Segment Start: Given material
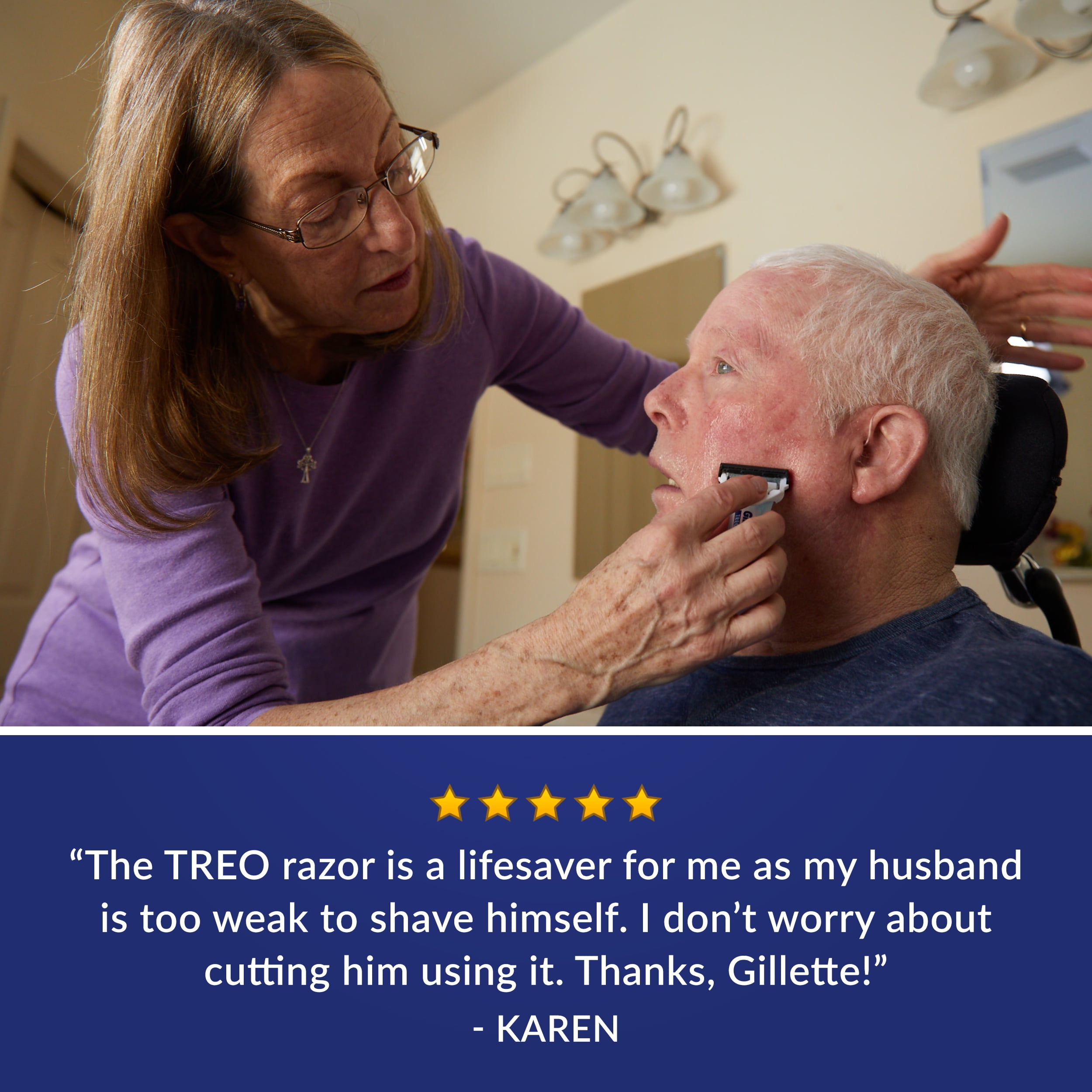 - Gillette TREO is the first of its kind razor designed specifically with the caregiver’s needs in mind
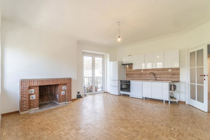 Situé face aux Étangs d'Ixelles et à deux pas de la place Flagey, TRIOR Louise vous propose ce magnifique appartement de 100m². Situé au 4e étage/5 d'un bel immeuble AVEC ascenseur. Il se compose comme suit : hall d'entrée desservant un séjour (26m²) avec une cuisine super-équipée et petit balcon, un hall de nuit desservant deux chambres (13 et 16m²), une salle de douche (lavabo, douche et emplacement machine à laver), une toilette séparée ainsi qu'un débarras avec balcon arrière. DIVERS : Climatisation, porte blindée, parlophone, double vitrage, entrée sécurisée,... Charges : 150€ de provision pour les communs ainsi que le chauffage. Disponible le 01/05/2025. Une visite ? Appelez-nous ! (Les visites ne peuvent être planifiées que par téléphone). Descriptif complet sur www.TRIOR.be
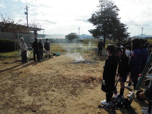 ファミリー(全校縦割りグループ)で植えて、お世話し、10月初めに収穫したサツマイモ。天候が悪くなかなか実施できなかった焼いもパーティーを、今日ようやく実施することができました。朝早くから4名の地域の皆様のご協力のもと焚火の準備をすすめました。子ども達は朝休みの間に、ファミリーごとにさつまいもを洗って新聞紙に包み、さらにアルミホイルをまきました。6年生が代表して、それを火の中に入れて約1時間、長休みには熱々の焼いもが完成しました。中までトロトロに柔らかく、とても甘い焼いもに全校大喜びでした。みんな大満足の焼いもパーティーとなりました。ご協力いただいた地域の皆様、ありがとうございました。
Segment End: Given material
Please give all of the data again, exact and free of pictures.

## [Solution to this exercise]
 - Gillette TREO is the first of its kind razor designed specifically with the caregiver’s needs in mind
 Situé face aux Étangs d'Ixelles et à deux pas de la place Flagey, TRIOR Louise vous propose ce magnifique appartement de 100m². Situé au 4e étage/5 d'un bel immeuble AVEC ascenseur. Il se compose comme suit : hall d'entrée desservant un séjour (26m²) avec une cuisine super-équipée et petit balcon, un hall de nuit desservant deux chambres (13 et 16m²), une salle de douche (lavabo, douche et emplacement machine à laver), une toilette séparée ainsi qu'un débarras avec balcon arrière. DIVERS : Climatisation, porte blindée, parlophone, double vitrage, entrée sécurisée,... Charges : 150€ de provision pour les communs ainsi que le chauffage. Disponible le 01/05/2025. Une visite ? Appelez-nous ! (Les visites ne peuvent être planifiées que par téléphone). Descriptif complet sur www.TRIOR.be
 ファミリー(全校縦割りグループ)で植えて、お世話し、10月初めに収穫したサツマイモ。天候が悪くなかなか実施できなかった焼いもパーティーを、今日ようやく実施することができました。朝早くから4名の地域の皆様のご協力のもと焚火の準備をすすめました。子ども達は朝休みの間に、ファミリーごとにさつまいもを洗って新聞紙に包み、さらにアルミホイルをまきました。6年生が代表して、それを火の中に入れて約1時間、長休みには熱々の焼いもが完成しました。中までトロトロに柔らかく、とても甘い焼いもに全校大喜びでした。みんな大満足の焼いもパーティーとなりました。ご協力いただいた地域の皆様、ありがとうございました。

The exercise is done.